** Stored data follows **
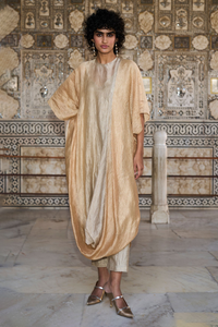 Hand draped and pleated longline kaftan top in soft metallic tissue. Relaxed fit. Hand dyed ombré effect toward the sides. Round neck with loop and button closure and hand smocked elastic panel in the back. Coms with a cami.
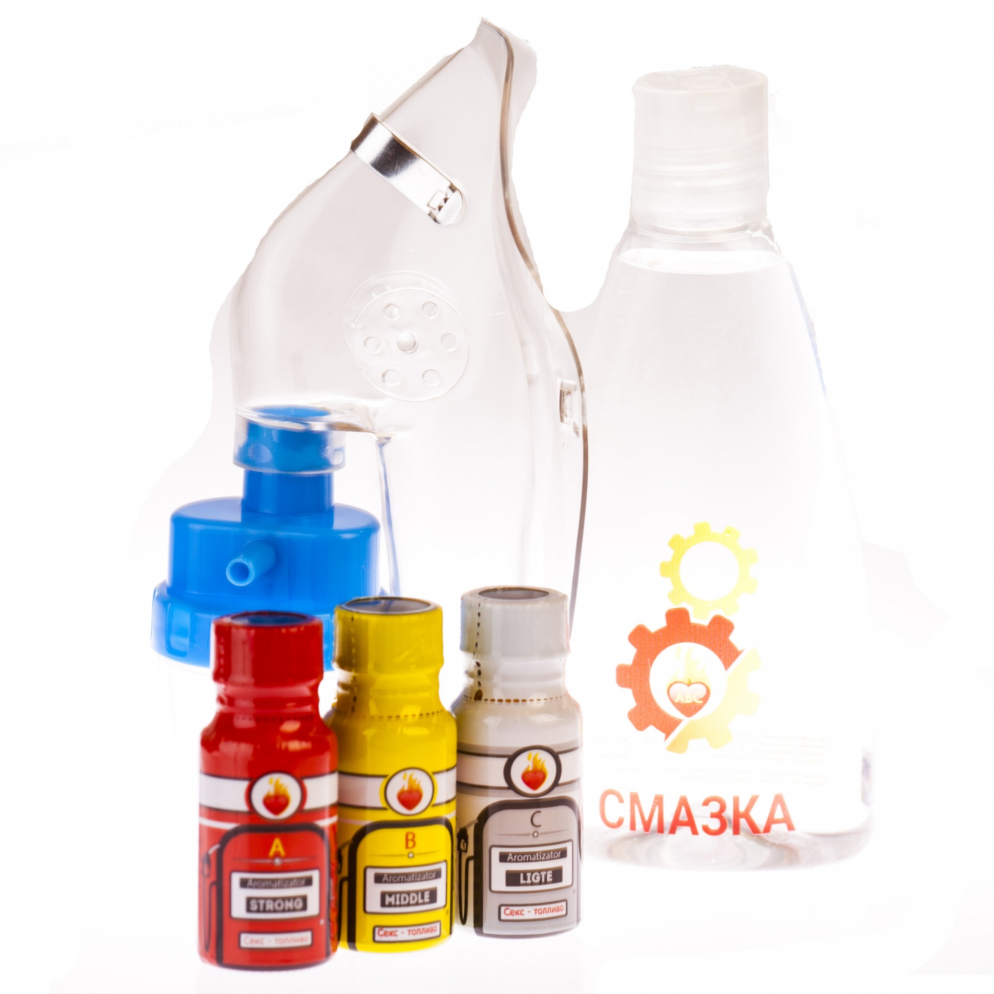 В набор входят Попперс А 15 мл, Попперс Б 15 мл, Попперс Ц 15 мл, Маска для Попперс и Интимный гель.
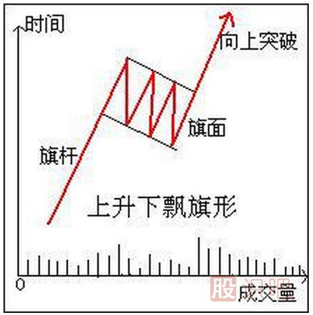 旗形形態(tài)又可分作上升下飄旗形和下降上飄旗形。
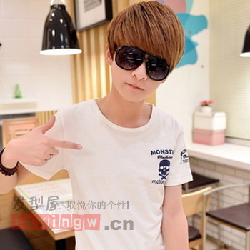 冬日男生弄什麼髮型好看呢?一頭栗色系的頭髮,簡單的修剪成斜...
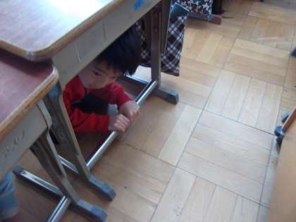 金曜日のように「シェイクアウト」で机の下にもぐります。
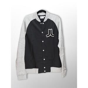 WESC Men's Gray/Black Letterman Inspired Sweater Jacket - L
** End of Stored data **
▶ What the exercise asks
Return each record above as it stands. Pictures stay out.

▶ Result below
 Hand draped and pleated longline kaftan top in soft metallic tissue. Relaxed fit. Hand dyed ombré effect toward the sides. Round neck with loop and button closure and hand smocked elastic panel in the back. Coms with a cami.
 В набор входят Попперс А 15 мл, Попперс Б 15 мл, Попперс Ц 15 мл, Маска для Попперс и Интимный гель.
 旗形形態(tài)又可分作上升下飄旗形和下降上飄旗形。
 冬日男生弄什麼髮型好看呢?一頭栗色系的頭髮,簡單的修剪成斜...
 金曜日のように「シェイクアウト」で机の下にもぐります。
 WESC Men's Gray/Black Letterman Inspired Sweater Jacket - L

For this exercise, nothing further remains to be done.